Resting-state fMRI data were preprocessed in the toolbox of (resting-state) brain imaging data processing and Analysis (DPABI v3.1) (24). The preprocessing steps include deleting the first five time points, slice timing, realignment, de-trend, removing the head movement effect (using the Friston 24-parameter model) (25), regression of nuisance covariates (white matter signal, cerebrospinal fluid signal, and global mean signal), normalizing the MNI space (using T1 images), and resampling (voxel size) = 2 × 2 × 2 mm3, spatial smoothing (6 mm full-width at half-maximum, applied to ALFF and rsFC analyses) and bandpass filtering (0.01-0.1 Hz, only applicable to ReHo and rsFC analysis). Furthermore, we use volume-based framewise displacement (FD) to quantify head movement (26). FD reflects the head movement from one volume to the next, and a volume with FD < 0.2 indicates a good point in time. The mean FD is calculated as the average of the sum of the absolute values of the differential realignment estimates at each time point (through backward differences) (27). If the number of good time points for the subjects is less than 160, the subjects will be excluded.

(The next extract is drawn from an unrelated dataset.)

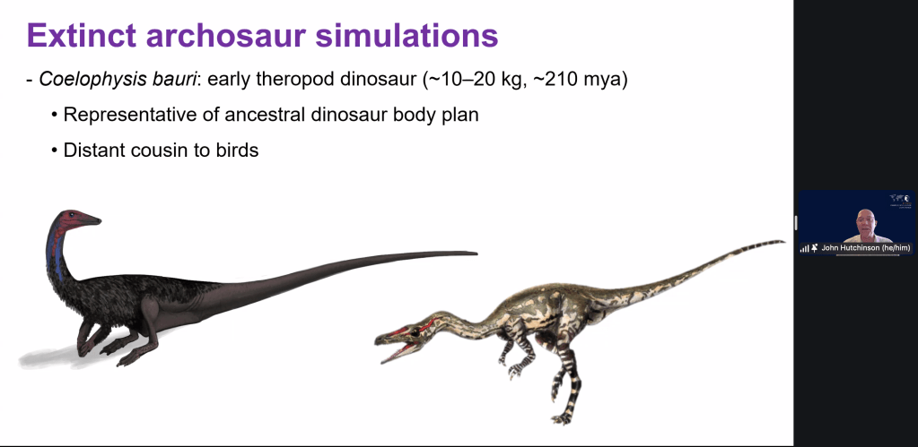 Abstract: The Triassic Period of the Mesozoic Era (about 252-200 million years ago) was a time of great flourishing of the Archosauria: the group containing living crocodiles and birds and all descendants of their most recent common ancestor, which therefore includes extinct groups such as pterosaurs (winged reptiles) and Mesozoic dinosaurs. Furthermore, the crocodile lineage (Pseudosuchia) was about as diverse as the dinosaur lineage was during this time. But a mass extinction at the end of the Triassic wiped out much of that diversity, leaving only the crocodile, pterosaur and dinosaur lineages to survive. Different hypotheses propose to explain this pattern. One is that the dinosaur group had some superior ways of walking and running relative to Pseudosuchia. My team has used a combination of experimental studies of extant Crocodylia and Aves with modelling and simulation of the biomechanics of locomotion in extant and extinct archosaurs from numerous groups, put into an evolutionary context. I will summarise this research to date, showing how computer models and simulations of living animals do fairly well at predicting locomotor abilities, boosting confidence in usage of these for extinct animals. Indeed, simulations of extinct archosaurs show how well different morphologies may have been able to perform different behaviours, and how these behaviours evolved. While it remains unclear why some groups survived the Triassic-Jurassic mass extinction, there is preliminary evidence supporting the conclusion that early dinosaurs had some locomotor advantages relative to other groups.

2.4 ALFF and ReHo calculation

Using the preprocessed resting-state fMRI data, we calculated the ALFF and ReHo values of each subject in DPABI v3.1. All values are calculated at the voxel level. Calculate the ALFF value using the signal strength in the low-frequency range (i.e., 0.01-0.1 Hz). The ReHo value, also called the Kendall’s coefficient of concordance (KCC), of the time series of a given voxel with its nearest neighbors (27 voxels were considered) was calculated to generate individual ReHo maps. Finally, the ALFF and ReHo maps of each subject were respectively converted into Z-score maps.

2.5 Functional connectivity analysis

This analysis was carried out in DPABI v3.1. The overlapping clusters exhibiting concurrent abnormalities in both ALFF and ReHo among patients with BD were selected as seeds for subsequent functional connectivity analysis. Specifically, clusters showing significant ALFF and ReHo alterations were first extracted to create masks, and their spatial overlap was identified as the seed regions. The average time series of the seed regions were extracted for each subject. Next, Pearson correlation coefficients were computed between the seed time series and the time series of every other voxel in the brain, resulting in a rsFC map for each individual. Finally, each subject’s rsFC map was converted into a z-score map using Fisher’s z-transformation to improve normality for further statistical analyses.

2.6 VBM analysis

We used the VBM8(http://dbm.neuro.uni-jena.de/vbm8) toolbox in SPM12(http://www.fil.ion.ucl.ac.uk/spm) software to analyze the T1-weighted images. First, check for artifacts in the image and adjust the source of the image to the front merge. Subsequently, the images were segmented into gray matter, white matter and cerebrospinal fluid maps, and then normalized to the standard Montreal Neuroscience Institute (MNI) space, with a voxel size of 1.5 × 1.5 × 1.5 mm³. After checking the data quality of the partitioned map, the gray matter map was further smoothed using an 8 mm full-width, semi-Gaussian kernel.

2.7 Statistical analyses

For the categorical variables of demographic and clinical data, we used chi-square tests for group comparisons. For continuous variables, we first performed a Shapiro–Wilk test to assess normality. If the variables follow a normal distribution, we use the two-sample t-test for group comparison. If the normal distribution is not followed, the Mann-Whitney U test is used to compare the differences between BD patients and HC patients. All statistical analyses were conducted using SPSS version 20.0.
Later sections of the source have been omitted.